1 Des règles distinctes subsistent pour les périodes antérieures à la fusion des deux régimes

Encadré : illustration sur cas-type

Un assuré, disposant d’une retraite globale de 1 800 €, est marié à une retraitée qui dispose d’une retraite de 1 800 €.

Si le conjoint était fonctionnaire de l’État, sa conjointe toucherait à son décès une pension de réversion de 900 € (1 800 € X 50 %), portant son revenu à 2 700 €, soit 75 % des revenus antérieurs du couple.

En revanche, si l’assuré était un ancien salarié du secteur privé (sa retraite se répartissant en 1 300 € en base et 500 € en complémentaire), sa conjointe toucherait uniquement une pension de réversion au titre de la retraite complémentaire de son ex-conjoint, de 300 € (500 € x 60 %) car elle dépasserait la condition de ressources fixée pour la retraite de base. Son revenu serait de 2 100 € (58 % des ressources avant décès).

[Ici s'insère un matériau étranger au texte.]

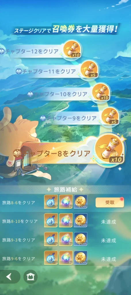 旅路補給で星辰ノ残り火を入手できます。旅路補給は旅路を特定のステージでクリアすることで、

iii. Les périodes d’interruption d’activité ne sont pas compensées de façon identique dans tous les régimes

En cas d’interruption d’activité liée à certains aléas de la vie, tels que le chômage, la maladie, la maternité, l’invalidité ou encore les accidents du travail et maladies professionnelles, différents dispositifs permettent aux assurés d’acquérir des droits à retraite.

Ceux-ci reposent sur une multiplicité de règles distinctes, en fonction du régime d’affiliation de l’assuré, des modalités d’indemnisation du risque par les régimes de sécurité sociale, et du type de risque considéré.

A titre d’exemple, en cas de maladie, les salariés du secteur privé se voient attribuer au régime général un trimestre dit « assimilé » (sans contrepartie directe de cotisation) pour chaque période de 60 jours de perception d’indemnité journalière maladie, qui compte pour leur durée d’assurance mais ne donne pas lieu à un report au compte. Dans les régimes statutaires, les congés maladie sont pris en compte de la même façon que si l’agent était en activité. Pendant ces périodes, la rémunération est maintenue en tout ou partie et soumise à cotisations.